Vincent Oliver: SilverFast Ai with Canon 9950F - Ai Studio
SilverFast Ai Studio

SF_012 So far I have been looking at the standard Ai version, there is also an Ai Studio version and this has some useful additions. The new features are displayed on the toolbar to the immediate left. The first new feature is IT8 Calibration, use a IT8 target (also available from Lasersoft) to create an accurate profile of your scanner. Simply place the IT8 target on the scanner, press the IT8 icon (two below the airplane) a grid appears and you align the edges then press the start button. The whole process takes less than a couple of minutes and produced a very accurate profile, so good that I will be using this profile for all my future printer review scans. The IT8 target is a printed 13x18 cm (5x7") version but there are also 35mm, 6x7 and 5x4 transparencies targets available.
IT8 SF_029


sophie1 sophie2
With SilverFast IT8 calibration Using Canon profile


Setting up the profile is achieved by clicking on the Options button and then setting the profile in the Scanner Reflective box.

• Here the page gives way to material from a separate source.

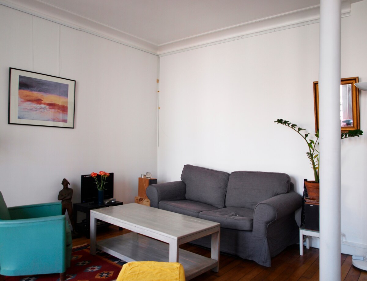 エレガントなパリのアパートをお楽しみください。 また、15年間のパリの経験と、近隣エリアやパリのアクティビティに関するヒントや習慣を共有することもできます! アパートには家具が完備されており、リビングルームに面したキッチン、高品質のダブルベッド( 160 × 200 )を備えた寝室、バスルームがあります。 アパートは4階と最終階にあります(エレベーターなし: XXLの荷物にはお勧めしません) !

Moving down the list there is a Multi-Sampling feature, this will help to reduce if not totally eliminate noise within scans. There are five options available; 1x, 2x, 4x, 8x and 16x. The more passes the scanner does the better the quality. All the scans are mixed in together and the random noise is thereby eliminated. The only problem that could occur is that there might be a slight movement in between passes, Lasersoft has built in an intelligent auto-alignment feature which should and does cure any slight movement. One of my initial doubts about SilverFast was that it produced scans which were displaying more noise than those created with ScanGear, so I was keen to see just how well the Multi-Sampling works. Below is a detail from a large 2400dpi scan the image on the left is how the image would look under normal scanning, the right hand image has had the Levels increased to show up the noise.

1passA 1pass
1 Pass multi-sampling Levels increased to show noise
2passA 2pass
2 Pass multi-sampling Levels increased to show noise
4passA 4pass
4 Pass multi-sampling Levels increased to show noise
8passA 8pass
8 Pass multi-sampling Levels increased to show noise
16passA 16pass
16 Pass multi-sampling Levels increased to show noise
Canon1 canon2
Canon ScanGear Levels increased to show noise

Obviously the 8 and 16 pass scans are going to take much longer, but looking at the results above and in other tests I am not so sure you are gaining much by doing a 16 pass scan. I achieved excellent results by 4 and 8 passes. The thing that will make a huge difference is to lower the levels to 0 on the Histogram (this is set to 5 by default), just doing this increases the overall density of the image. ScanGear produces virtually noise free scans, although when the levels were applied the scan fell apart. In short the Multi-Sampling feature is well worth having.